#### DATA EXCERPTS:
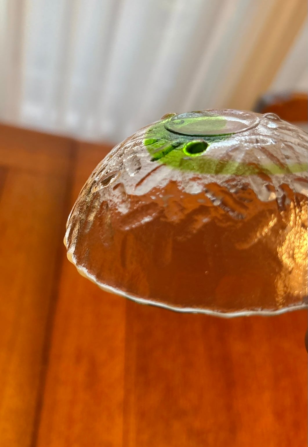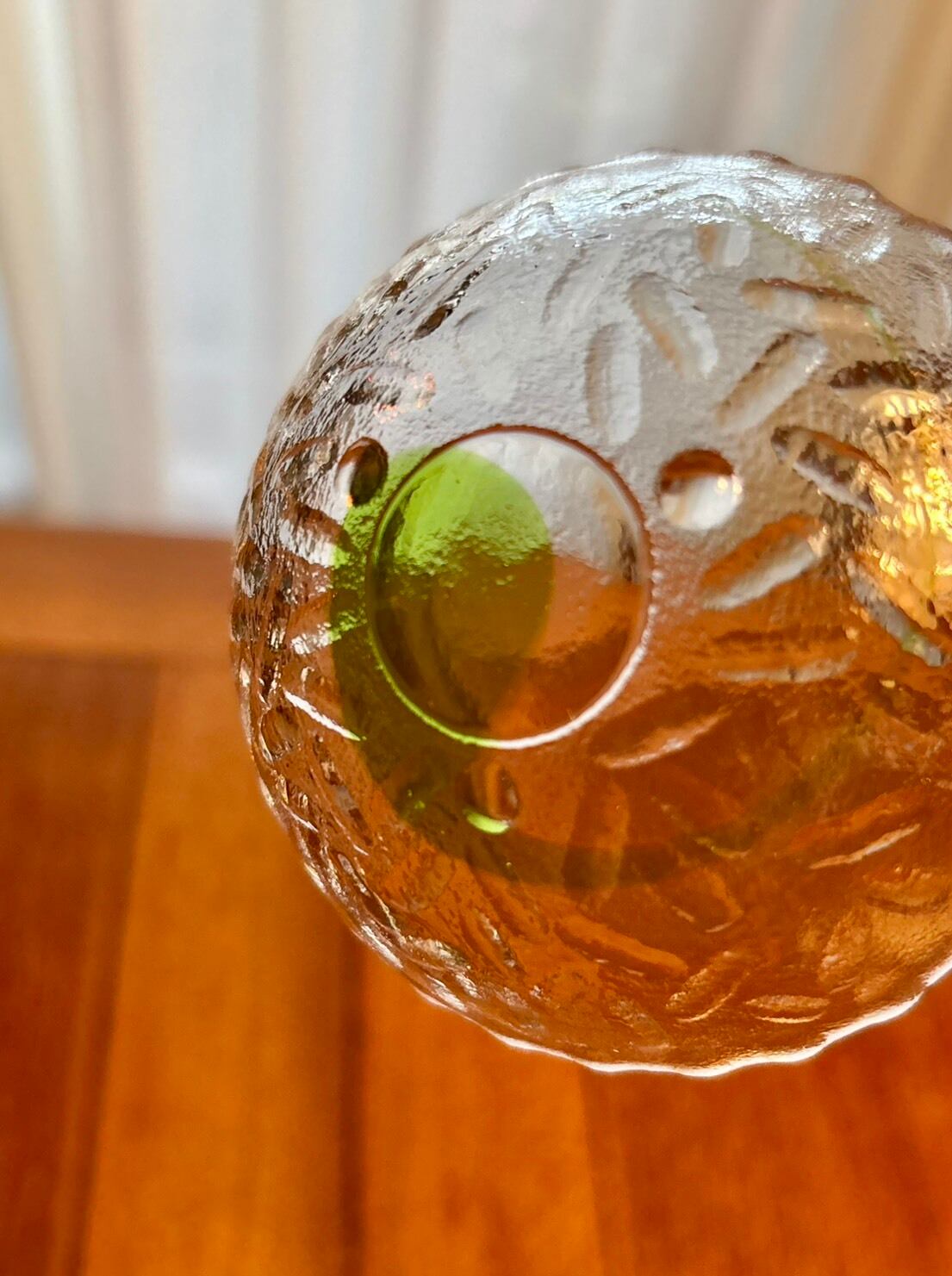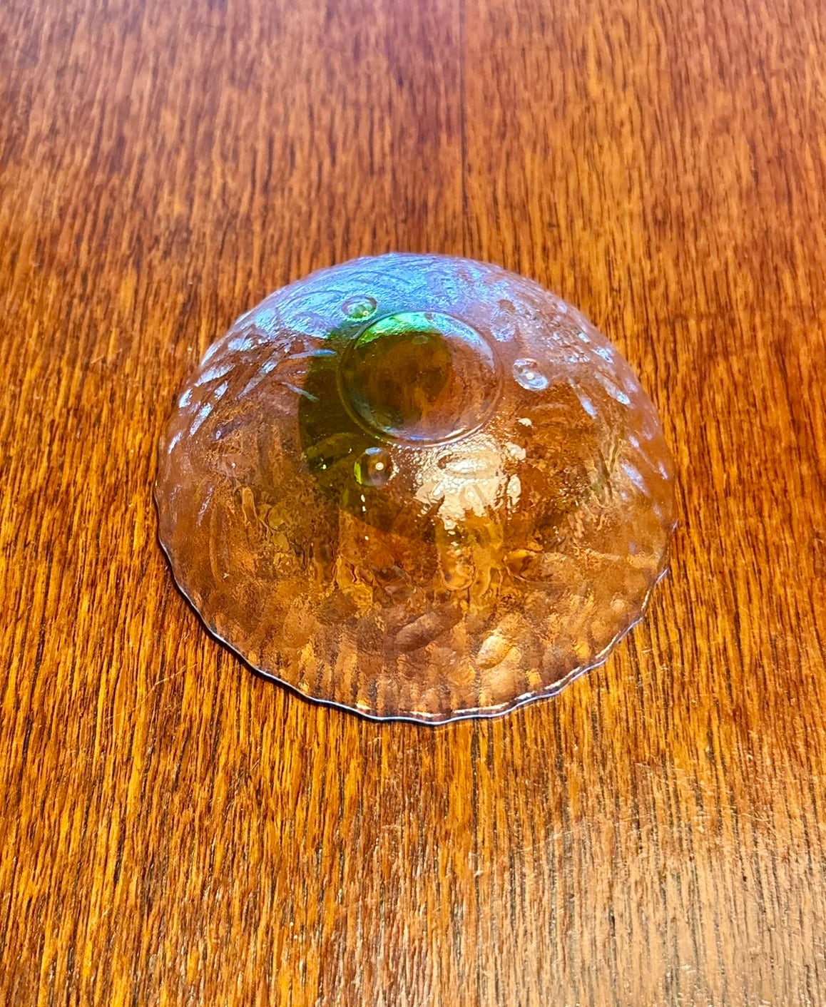 グリーンの印象的な差し色が入ったガラスの小皿。
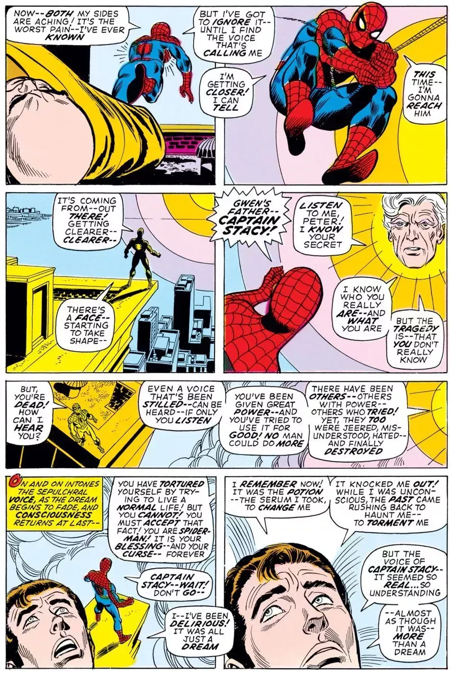 El suero le hace alucinar batallas con todos sus grandes enemigos antes de que finalmente se dé cuenta de que tiene que seguir siendo Spider-Man. Curiosamente, la voz en su cabeza que realmente le empuja a tomar esa decisión es la del capitán George Stacy, el padre de Gwen, que había muerto poco menos de un año antes. Resulta fascinante que en aquella época, el tío Ben obviamente importaba a Spider-Man, pero no tenía el mismo impacto que normalmente se asocia con él hoy en día. En su lugar, era el Capitán Stacy quien ocupaba ese papel...
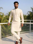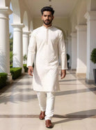 Nature-inspired botanical print on soft cotton kurta paired with classic off-white pajama—fresh, earthy, and effortlessly stylish. Perfect for serene day events and casual charm.
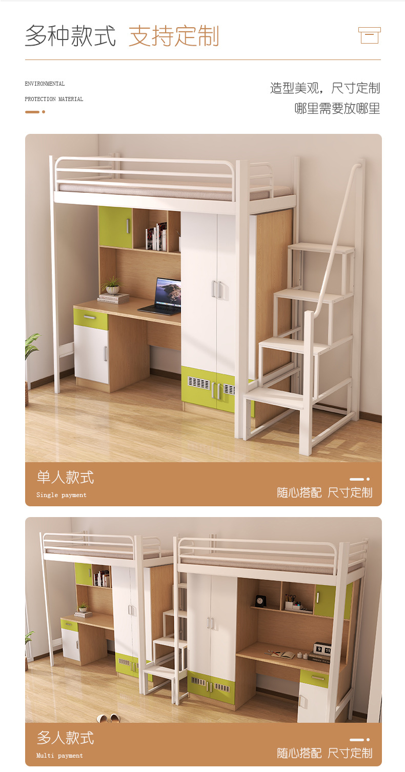 대학생 기숙사 이층침대 학교 단위 이중 연결형 3인용 상하침대 책상 포함 더블침대 이층침대
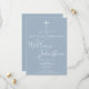 Elegant First Holy Communion signature save the date invitation featuring an elegant script signature name on a dusty blue background. Personalise with your special event information. Designed by Thisisnotme©
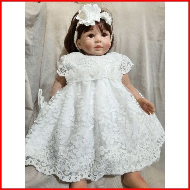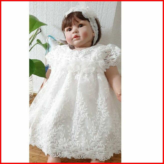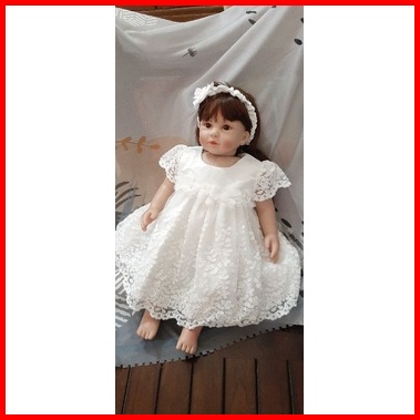 Gaun Baby New Born Gaun Bayi Dress Bayi Dress Aqekah Dress Babtis Angle Motif . B Dan C Warna Putih Usia 0 - 24 Bulan
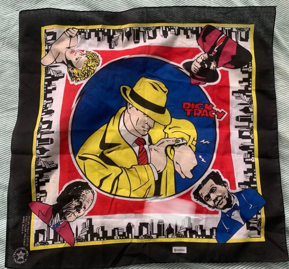 Since BLACKBIRD SPYPLANE is the No. 1 source across all media for recon on under-the-radar joints, we hit up Jacob the other day and asked him to tell us about a particularly prized gem he’s mined from eBay’s depths. He chose a promo scarf from 1990’s Dick Tracy…
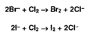 Выделившийся бром окрашивает слой хлороформа в оранжевый цвет, а йод — в фиолетовый. Йод обнаруживают также по синему окрашиванию крахмального клейстера.

#### PROBLEM TO SOLVE:
The required output is every line from the one containing "Nature-inspired botanical print" through the last line of the records, inclusive, reproduced exactly and without pictures.

#### SOLUTION FOR THIS PROBLEM:
 Nature-inspired botanical print on soft cotton kurta paired with classic off-white pajama—fresh, earthy, and effortlessly stylish. Perfect for serene day events and casual charm.
 대학생 기숙사 이층침대 학교 단위 이중 연결형 3인용 상하침대 책상 포함 더블침대 이층침대
 Elegant First Holy Communion signature save the date invitation featuring an elegant script signature name on a dusty blue background. Personalise with your special event information. Designed by Thisisnotme©
 Gaun Baby New Born Gaun Bayi Dress Bayi Dress Aqekah Dress Babtis Angle Motif . B Dan C Warna Putih Usia 0 - 24 Bulan
 Since BLACKBIRD SPYPLANE is the No. 1 source across all media for recon on under-the-radar joints, we hit up Jacob the other day and asked him to tell us about a particularly prized gem he’s mined from eBay’s depths. He chose a promo scarf from 1990’s Dick Tracy…
 Выделившийся бром окрашивает слой хлороформа в оранжевый цвет, а йод — в фиолетовый. Йод обнаруживают также по синему окрашиванию крахмального клейстера.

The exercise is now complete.